An upcoming biography about Steve Jobs promises an intimate portrait of the late tech guru told through extensive interviews with Jobs' inner circle, including current Apple CEO Tim Cook, SVP of Design Jony Ive and Jobs' widow Laurene Powell Jobs, among others.
The new book, "Becoming Steve Jobs: The Evolution of a Reckless Upstart into a Visionary Leader" by noted technology journalist Brent Schlender and Fast Company executive editor Rick Tetzeli, incorporates 25 year's worth of Jobs interviews with new information from Jobs' family, friends and competitors to paint a more complete picture of the tech luminary's life.
From the book's official website:
A brilliantly reported, compellingly written book that overturns the conventional view of Steve Jobs— the Jobs that is frozen forever as half genius, half jerk— Becoming Steve Jobs answers the central question about the life and career of the Apple cofounder and CEO: How did a young man so reckless and arrogant that he was exiled from the company he founded become the most effective visionary business leader of our time?
Schlender, who previously worked for The Wall Street Journal and Fortune, established a relationship with Jobs after first meeting the Apple cofounder during his "wilderness period" in 1986. Over the ensuing 25 years, Schlender conducted numerous interviews with Jobs, which are included in the book.
Other interviewees include Apple and Pixar employees including Eddy Cue, John Lasseter and Disney CEO Bob Iger.
Daring Fireball's John Gruber, who was privy to an advance copy of the "Becoming Steve Jobs," said on Monday that it's "the book Steve Jobs that the world deserves," revealing that some of the stories "are going to be sensational."
"Becoming Steve Jobs" is available for preorder through Amazon.com and the iTunes iBookstore.
35 Comments
Cool. Finally a companion/counter to the other one.
Yeah, I don’t like this.
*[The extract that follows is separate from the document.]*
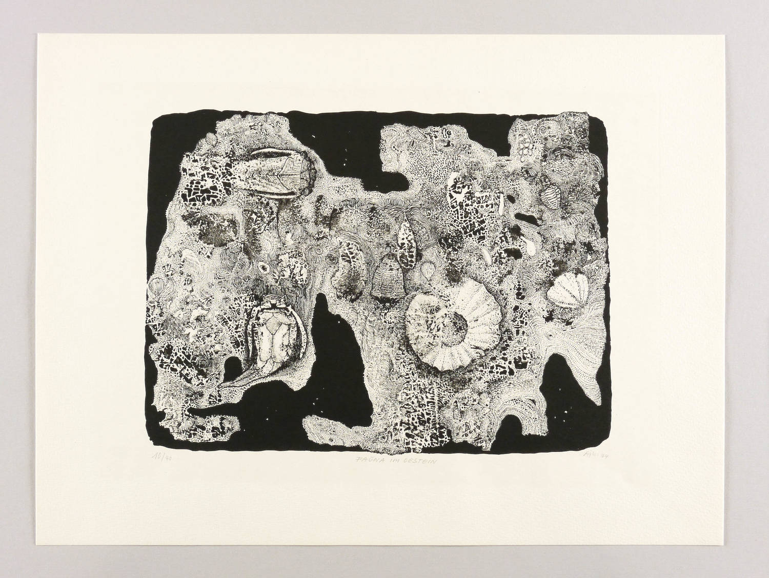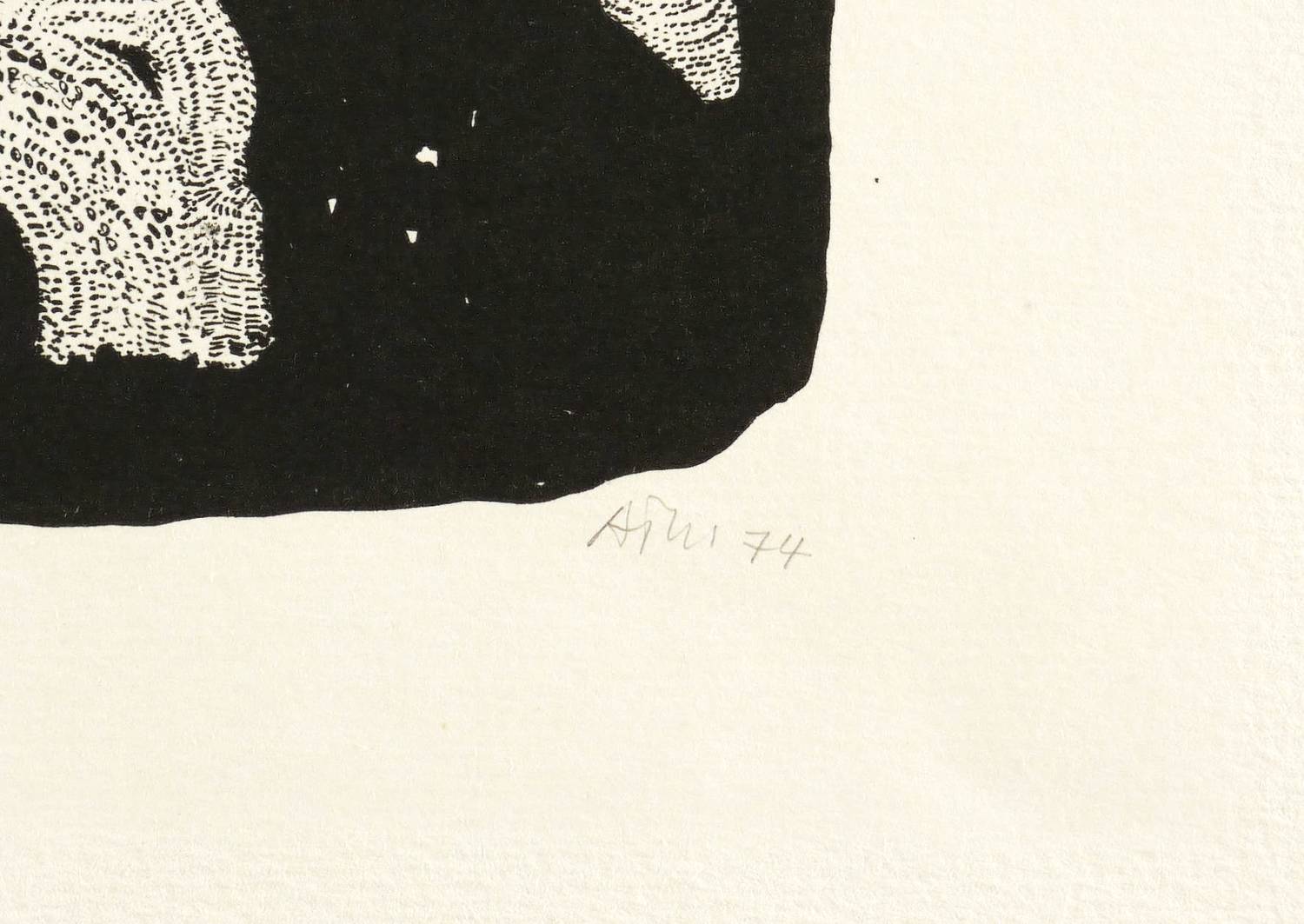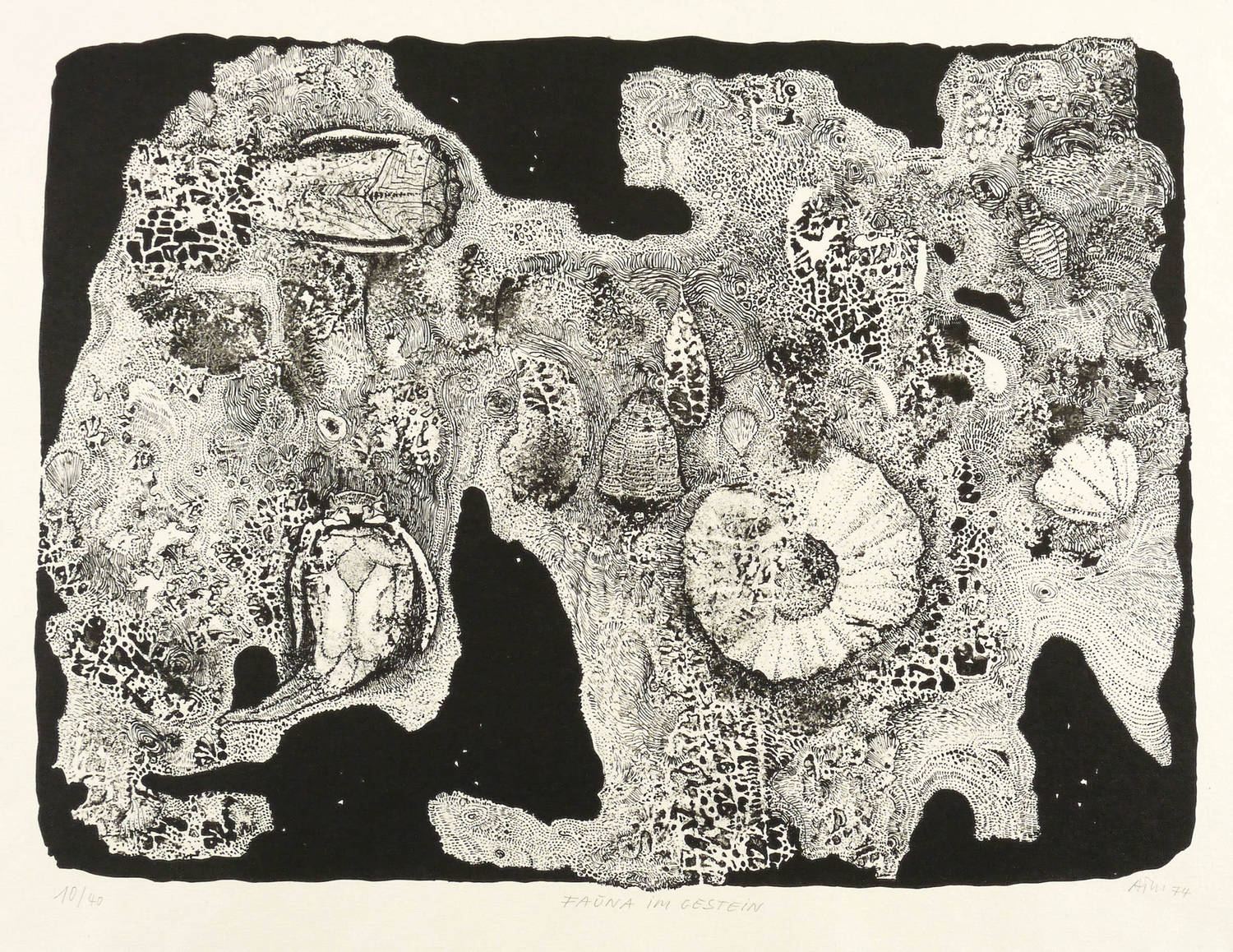 1974. Lithografie / Feder- & Pinsellithografie, partiell geschabt, in Schwarz, auf Weißenborn-Bütten. – Originale Künstlergrafik, von Alfred Traugott Mörstedt. – Auflage Exemplar Nr. 10/40. – 23,3 x 32,2 cm (Darstellung), 36 x 48 cm (Blatt).

Unless it’s a quote from someone reviewing it, praise heaped onto a book by its publisher or creators should raise red flags.
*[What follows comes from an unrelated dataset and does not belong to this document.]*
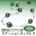 神秘的な美しいブラックグリーンカラーの黒蝶真珠とエレガントで気品がある シルバーブルカラーのアコヤケシ真珠を計16珠使い、チェーンで連結した スタイリッシュなフォルムが魅力のステーションネックレスです。 長さは最長約50cmで、フロントで留めるとY字タイプのネックレスに早変わり! 多彩なアレンジが楽しめて、重宝すること間違いなしです。個性的なバロック シェイプの黒蝶真珠。そして、ケシ系ナチュラルシェイプのアコヤケシ真珠。 この唯一無二の形と多面的に放たれるキラキラとした艶やかな輝きが魅力です。 |
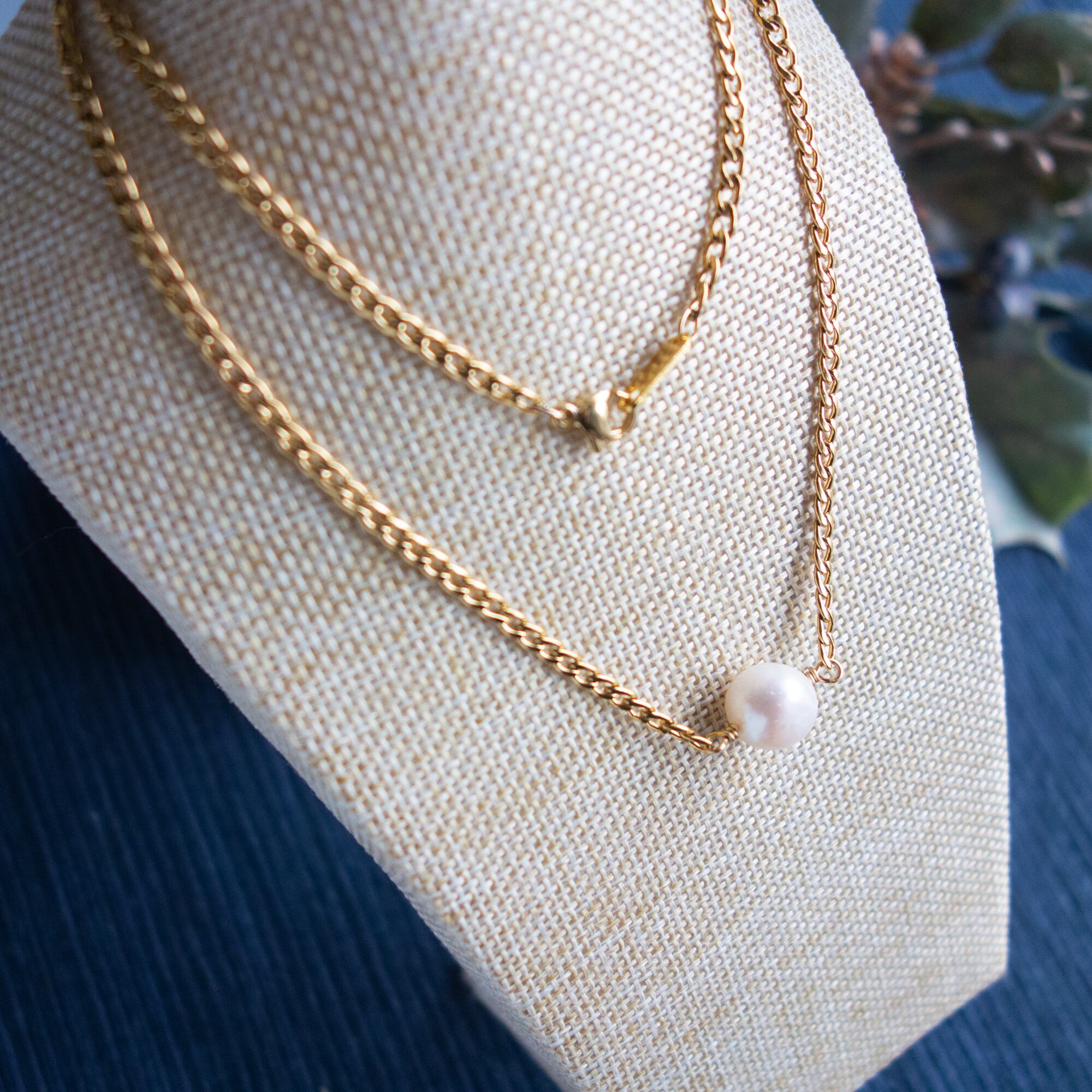 Lidia_リディア#2【 サージカルステンレス】淡水パールとチェーンのネックレス

Not to say such behavior is only seen in this book.
Hopefully this is actually a good book. Isaacson's book was quite disappointing. No wonder Jony Ive said of it: "my regard couldn't be any lower".
I have doubts. Written by WSJ and Fortune journalists? Sounds like a recipe for sensationalism, rather than "deep understanding." But I'll withhold judgment until the book is out.
This sounds interesting.
Although I enjoyed Isaacson's biography, I felt that it was rather short, and that it didn't give Jobs his due.
This one sounds as though it might.
How did he become a visionary leader? By turning everything he was ever even remotely involved in to an autocracy. Apple of tomorrow will be nothing like today or, better, yesterday. You need razor sharp focus with little internal friction to accomplish something revolutionary.